There's OCR systems which work on the basis of internal font consistency. They break the page into a series of single character images, and because the same character repeated is close to identical it's trivial to match them up, so you can easily build a map of characters.
You then just need a human to label each character once. With a pixel image comparison 0 looks completely different from o.
If they're using a standard font then a regular OCR (you'd only need four nines accuracy to get it 100% correct) would be fine, even with a weird font it still be easy to get that level of accuracy.
The obvious solution to this would be to cycle randomly between fonts every few characters (or keep a running total of the font used for each particular symbol, and ensure it stays below some threshold). For bonus points you could convert the key from base64/ascii to unicode or similar.

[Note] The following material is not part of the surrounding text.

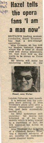Collection: Newspaper and Periodical Clippings (1950-2000) Institution: Transgender Archives, University of Victoria Creator: Date: Jul. 16, 1982 Topics: Acceptance, Conductors, FtMs, Gender realignment surgery, Transsexual people Subject: English National Opera, Victor Vivienne Description: Clipping originally collected by Richard Ekins (from The University of Ulster Trans-Gender Archives/Richard Ekins collection at the Transgender Archives, University of Victoria) -

The obvious solution to this would be to cycle randomly between fonts every few characters (or keep a running total of the font used for each particular symbol, and ensure it stays below some threshold).
This sounds like a useful defence in general against OCR re-use of particular things you might publish. I wonder if it could be done in a manner unobtrusive to the eye, but progressively more expensive to algorithms, either in terms of memory or time. This is really a neat idea you have.
Doesn't matter. A few wrong characters can easily be brute-forced. Once you have enough of the characters, you can just write a program to try modifying a few of them until you get a key that works.